I completed a BA in History at the University of Cambridge and an MLitt in Legal and Constitutional Studies at the University of St Andrews, before returning to Cambridge in 2018 to start my PhD. 

My PhD thesis examines sixteenth-century European writings (mainly by jurists and theologians) which attempted to conceptualise empire and the broader international legal order. Within these texts I am focusing on the conceptual framework provided by the ius gentium (law of nations), and the legitimising idea of a ‘world community’ or the ‘society of the human race’. My research aims to understand how the varying constructions of these universalising concepts were deployed alongside ideas of sovereignty, how they shaped legitimations of intervention, war and conquest (especially in the case of the Spanish Empire), and how they were used to grant rights to all humans while simultaneously excluding groups of people from the very category of 'humanity'. 

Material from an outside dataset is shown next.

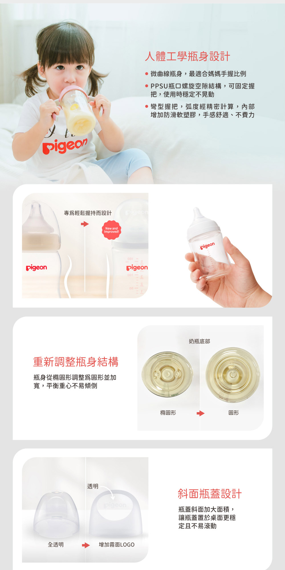 4.全新人體工學曲線設計瓶身,參考前輩媽媽們的意見製成,持握更方便,花色更多樣!

I also co-convene (alongside other graduate students in the History Faculty) Interventions: The Intellectual History Podcast, which aims to introduce contemporary intellectual historians and their work to both an academic and a wider public audience.

My PhD research engages with issues I’m interested in more broadly in the fields of history of political thought and history of international law, such as the relationship between law and politics, the boundaries of (supposedly) ‘universal’ human/natural rights, and how various intellectual traditions (though particularly that of Roman law) were operationalised to construct legitimacy and legality, especially in projects of imperialism.

Part I, Paper 19 / POL 7 - History of political thought to c.1700

Part II, Paper 6 - States between states: the history of international political thought from the Roman empire to the early nineteenth century

Part II, Historical Argument and Practice - Intellectual History 

Co-convenor, Cambridge Graduate Conference in Political Thought: Science, Certainty and Expertise in Political Thought (March 2020)

Co-convenor, Interventions: The Intellectual History Podcast (since 2018)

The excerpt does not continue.